Boysenberry Glaze Wild Turkey


This recipe is a little time consuming but well worth the wait. This recipe is another holiday favorite in our house.




1 10-12 lb. wild turkey

2 tablespoons salt

1 tablespoon fresh ginger root, grated

1 teaspoon ground cumin

1/2 teaspoon rosemary leaves, crushed

1/2 teaspoon dill weed

1/2 teaspoon tarragon leaves, crushed

1 bay leaf, crushed

1/2 cup butter

1 tablespoon flour

1 tablespoon honey

1/4 cup red wine


Boysenberry Glaze:


1 cup orange juice

1 1/2 tablespoons cornstarch

1 cup boysenberry jelly

1/2 cup sugar


Mix salt, ginger, and cumin, rub throughout inside and outside of turkey. Place turkey in a non-metallic container to marinate overnight. Remove turkey and let stand at room temperature for 1 hour. Combine remaining herbs, rub turkey inside and out with butter then herb mixture.

Tuck drumsticks under tail, fold wings across back of bird.

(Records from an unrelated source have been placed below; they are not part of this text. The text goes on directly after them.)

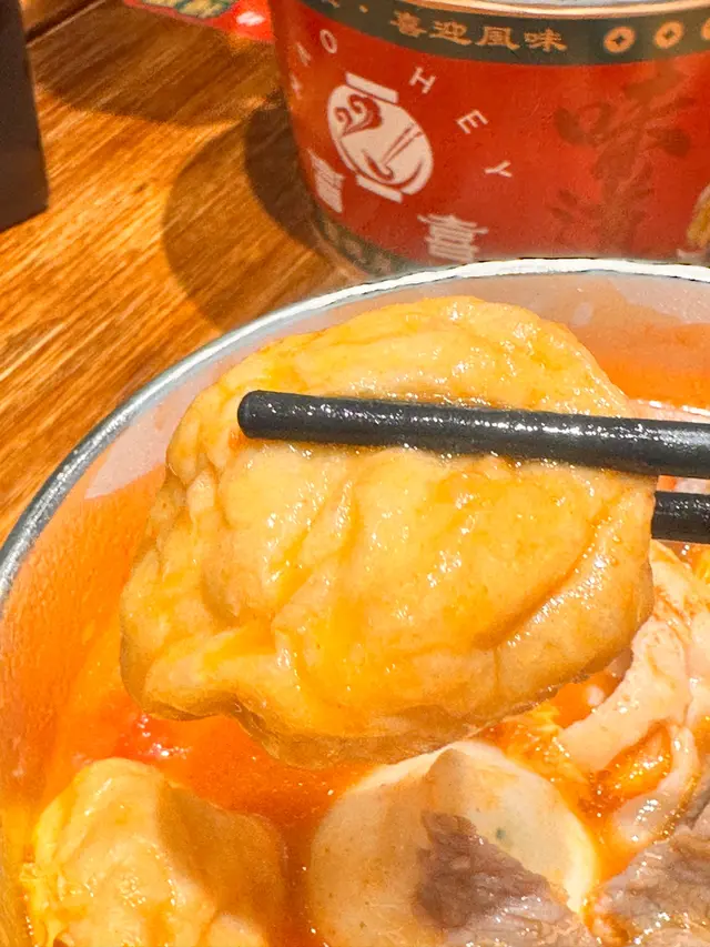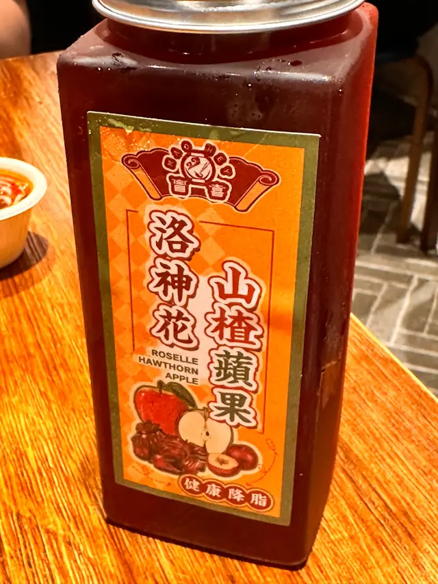「洛神花山楂烏龍茶」以天然洛神花酸香為基底,加入山楂蘋果增添果香,冰鎮後清爽解辣。#潮汕手打丸 #番茄湯底專家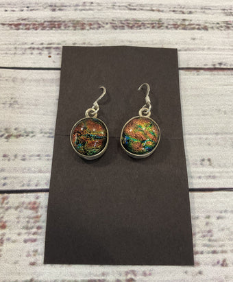 Artisan Handcrafted Sterling Silver Dichroic Glass Drop Dangle Earrings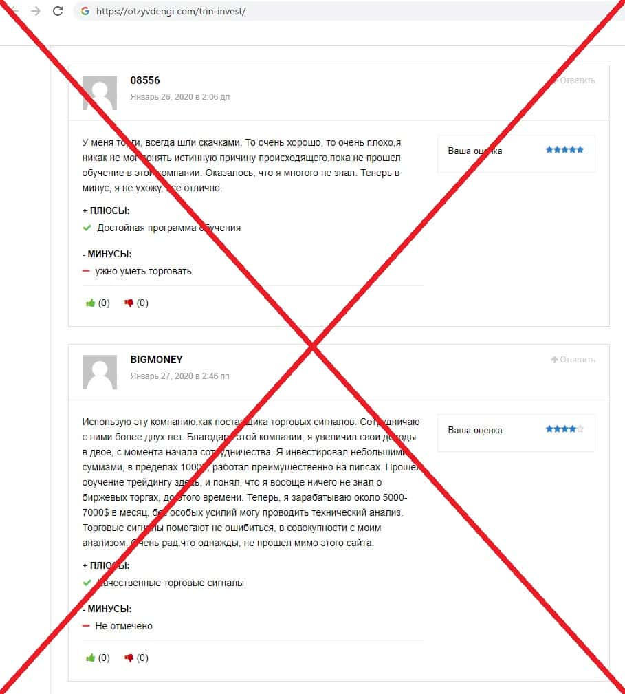 - Лохотрон Трин Инвест заказывает положительные отзывы о себе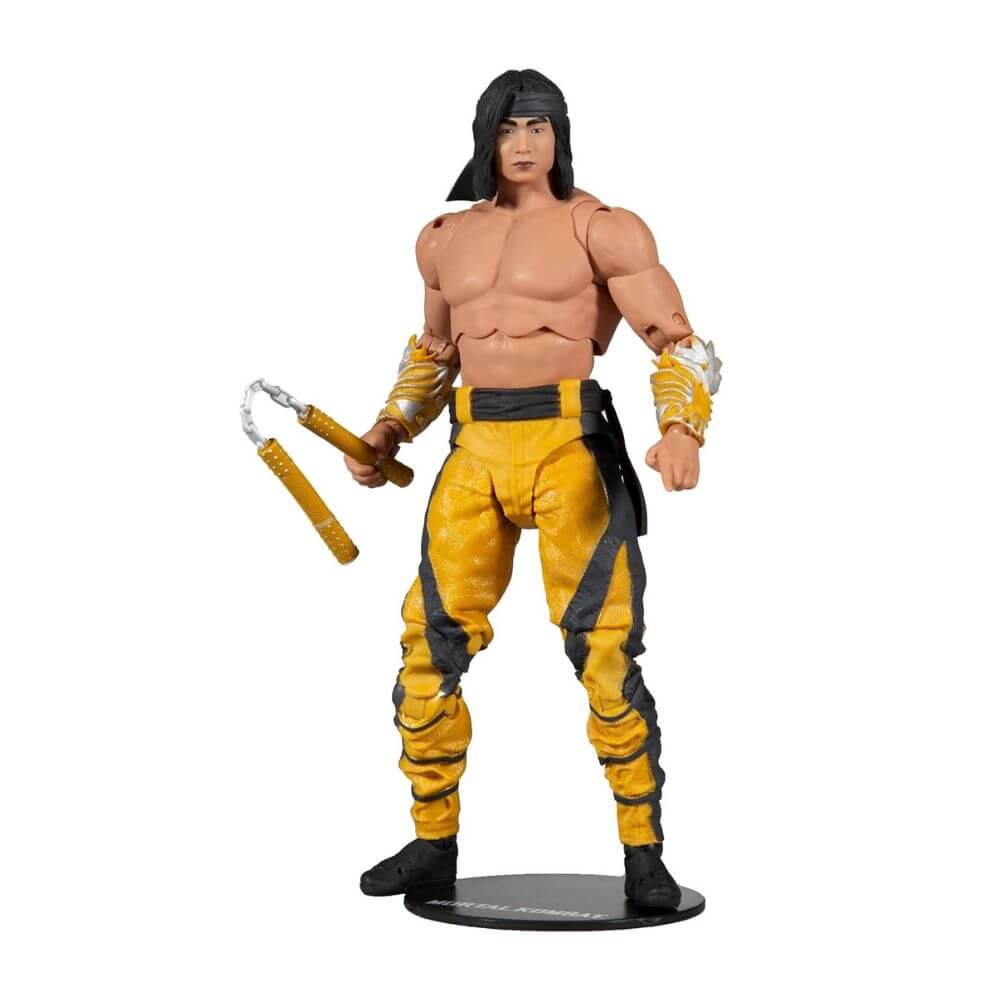 Figura de escala de 7 pulgadas increíblemente detallada basada en la franquicia Mortal Kombat, Diseñado con ultra articulación con hasta 22 partes móviles para una gama completa de poses, Liu Kang aparece en su Fighting Abbot Skin como se ve en el videojuego Mortal Kombat 11, Incluye nunchaku, un juego alternativo de manos y una base, Presentado en caja con ventana temática de Mortal Kombat, Colecciona todas las figuras de acción McFarlane Toys Mortal Kombat de 7 pulgadas y paquetes múltiples

Place on a roasting rack in a roasting pan, breast side up. Combine flour, honey, and wine, mix well. Baste turkey with this mixture. Bake at 325 degrees for 1 hour or until the bird begins to brown, reduce to 300 degrees and bake for 4 hours or when the meat registers 185 degrees on a meat thermometer. Baste the turkey every 20 minutes with the drippings.

When the turkey is almost done prepare the boysenberry glaze. In a saucepan heat orange juice, slowly add cornstarch stirring constantly, mixing well. Stir in jelly and sugar, simmer until thickened, stirring often. Remove from heat and cool.

When the turkey is done remove to a platter and generously brush with the glaze. ENJOY!

This recipe goes well with all the traditional holiday favorites.